IOM Helps Afghanistan Disaster Management Authority Counter Flood Risks
IOM is working with the Afghanistan National Disaster Management Authority (ANDMA) to construct flood protection systems in ten flash flood prone communities identified through a joint assessment. With funding from OFDA (USAID) IOM will in total construct nearly 2,000 meters of walls in ten locations in eight provinces, namely Kapisa, Parwan, Balkh, Sari Pul, Kunduz, Baghlan, Takhar and Laghman provinces.

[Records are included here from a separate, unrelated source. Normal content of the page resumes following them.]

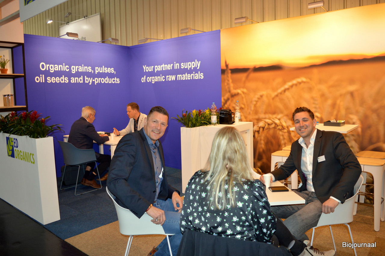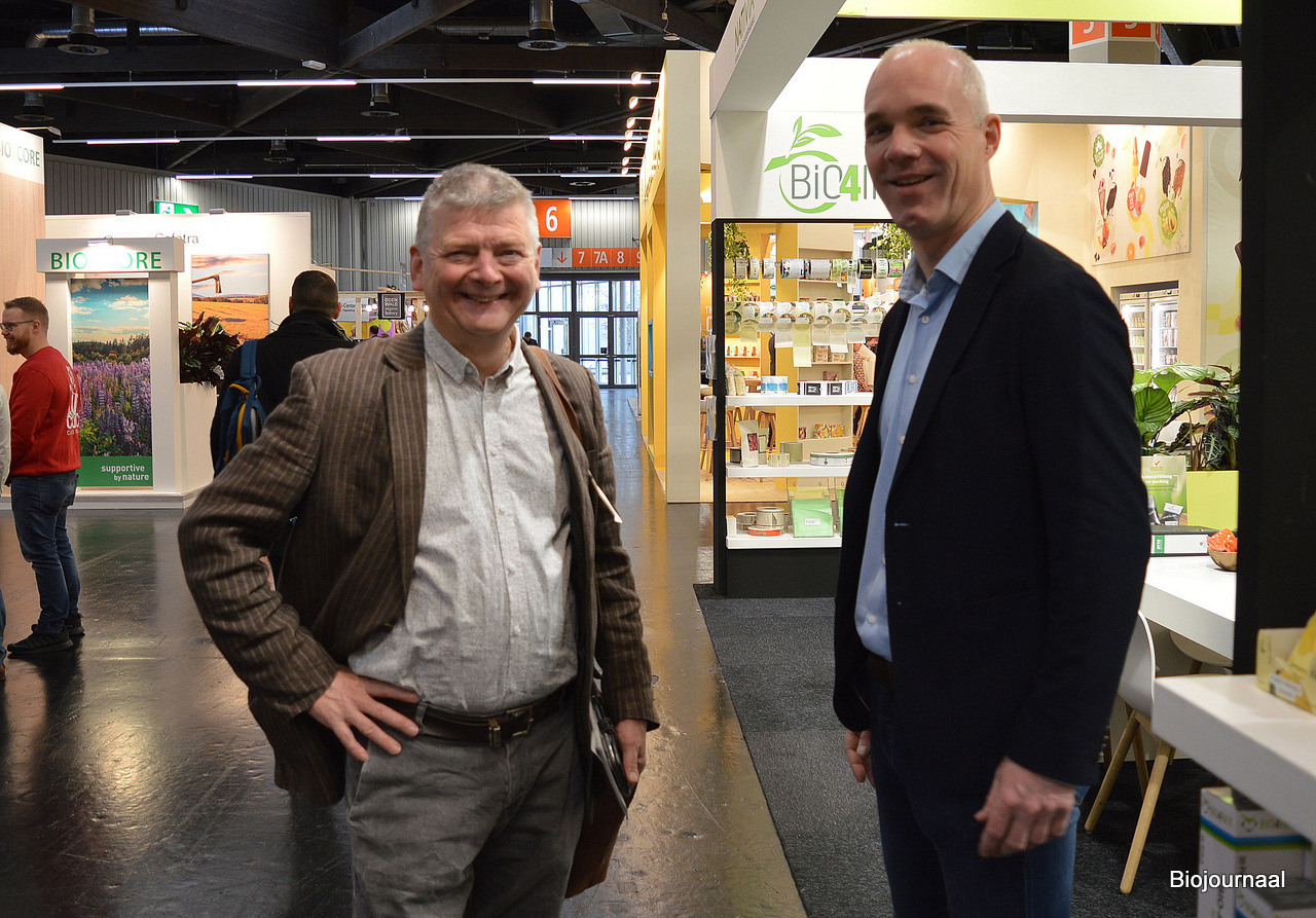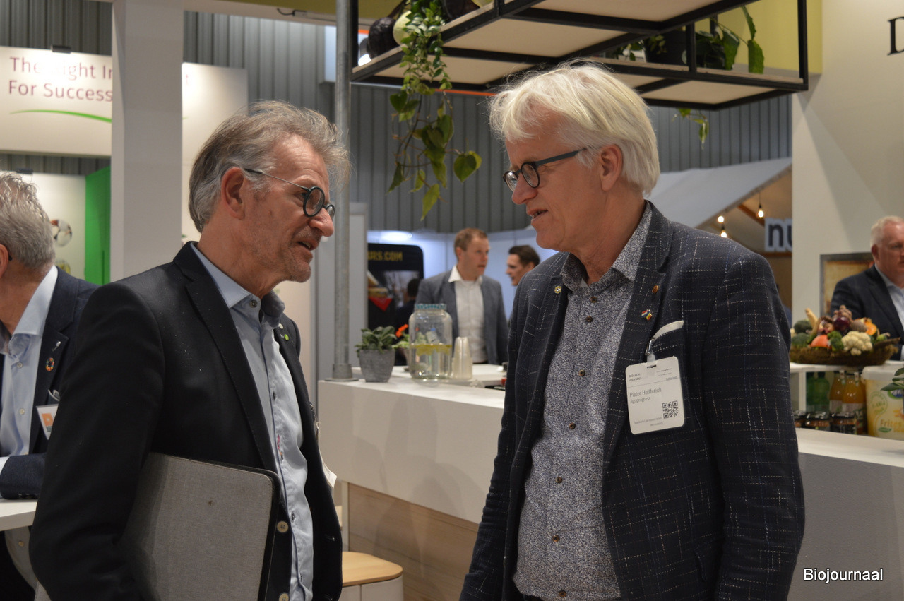 Jetse Schokker (IDorganics) praat bij met oud-collega Rob van Santen (nu Tradin Organic Agriculture).
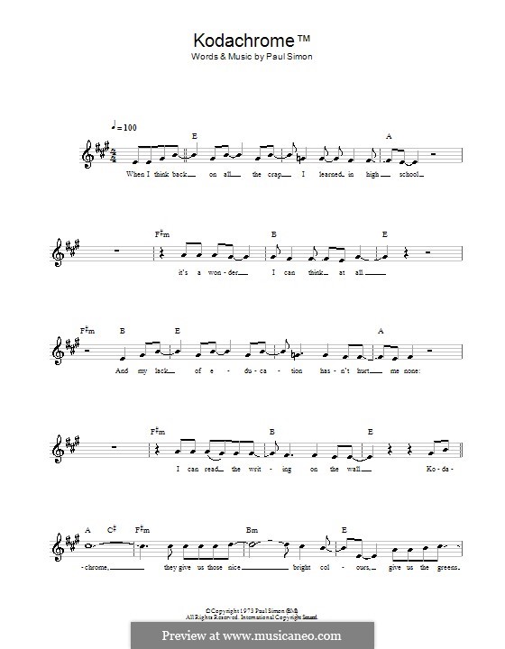 Kodachrome™ sheet music by Paul Simon (Lyrics & Piano
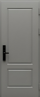 Стальная термодверь с серыми окрашенными панелями МДФ RAL с электронным замком КД-1366
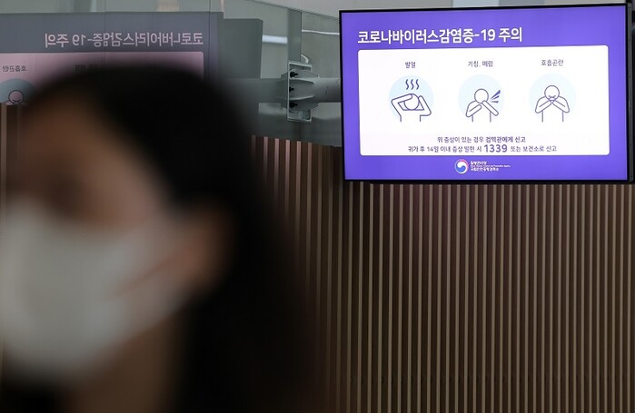 ▲ 12일 오전 인천국제공항 출국장 모니터에 표시된 신종 코로나바이러스 감염증(코로나19) 주의 안내문. [영종도=연합뉴스] |
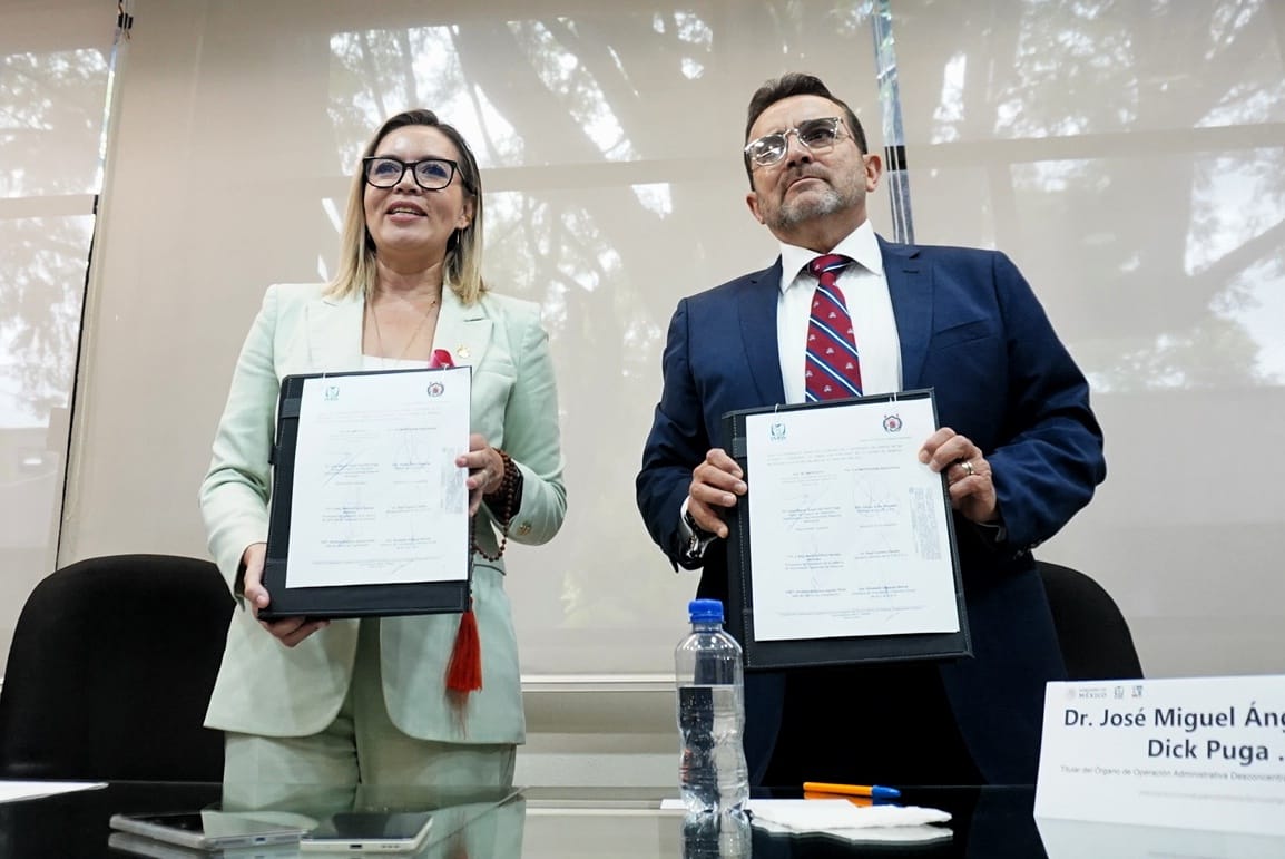 Morelia, Michoacán. – La rectora de la Universidad Nicolaita, Yarabí Ávila González y el Titular del Órgano de Operación Administrativa Desconcentrada Regional Michoacana del IMSS, José Miguel Ángel Van-Dick, realizaron la firma de un convenio, para recibir practicantes en el área administrativa del Instituto.
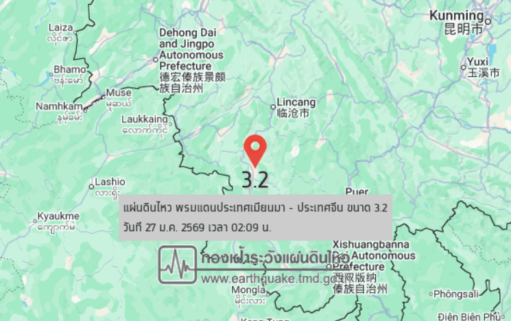 เวลา 02.09 น. วันที่ 27 มกราคม 2569 กองเฝ้าระวังแผ่นดินไหว กรมอุตุนิยมวิทยา แจ้งเหตุแผ่นดินไหว ขนาด 3.2 ความลึก 5 กม. บริเวณพรมแดนประเทศเมียนมา - ประเทศจีน ศูนย์กลางอยู่ห่างออกไปทางทิศตะวันตกเฉียงเหนือของ อ.แม่สาย จ.เชียงราย ประมาณ 303 กม. ยังไม่มีรายงานผลกระทบต่อประเทศไทย
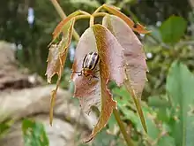 The flora is highly diverse due to the high rainfall and variety of volcanic soil types. Subtropical rainforest dominated by black and white booyong Argyrodendron spp. is prominent on basaltic soils while warm temperate rainforest that is dominated by coachwood, occurs on the poorer rhyolitic soils. Giant brush box are found to the east of the plateau and flooded gums may also be found in areas of basalt soils.[8] One small stand of cool temperate rainforest, dominated by Antarctic beech, is located at the Best of All Lookout just over the border in New South Wales. Some of the beech trees are 3,000 years old.[5] Remarkably the Springbrook leatherwood, a tree which grows to 25 m in height and is found only in warm temperate rainforest on Springbrook, was not discovered until 1993, by local botanist David Jinks.[10]

The first two projects of this kind, taking place in Deh Babi and Sayad villages, Kapisa province, will provide protection for three villages, including 1300 families and 160 hectares of agricultural land. The structures will be assembled in the lower parts of the watersheds in order to ensure maximum protection of human lives, fertile land, houses and livestock. The projects will employ local workers and use locally sourced materials to enhance community involvement in emergency responses to severe flooding, which often hits in the spring when the winter snows start melting. Construction of the walls is firmly based on the findings of site assessments and the needs of communities.
At the opening ceremony of the first projects last weekend, Richard Danziger, IOM Chief of Mission in Afghanistan, said: “Each year on average some 250,000 Afghans are affected by natural disasters, many of them by flooding such as here in Kapisa. While ANDMA and IOM are regularly responding to incidents throughout the country and ensuring assistance is provided to those in need, our focus is increasingly turning toward prevention measures such as the flood walls we’re building here.”
The ceremony was attended by the Provincial Governor of Kapisa H.E. General Mehrabudin Safi, the chief of the provincial council, the provincial directors from the Ministry of Agriculture, Irrigation and Livestock and ANDMA as well as elders from the participating communities. “I believe the implementation of this project in Kapisa province is a sign of our long lasting and sustainable partnership with IOM,” said General Safi.
Afghanistan is vulnerable to recurrent natural disasters which are exacerbated by ongoing climate change. The country is ranked twelfth on the seismic risk index, twenty-second on the drought risk index and twenty-fourth on the flood risk index.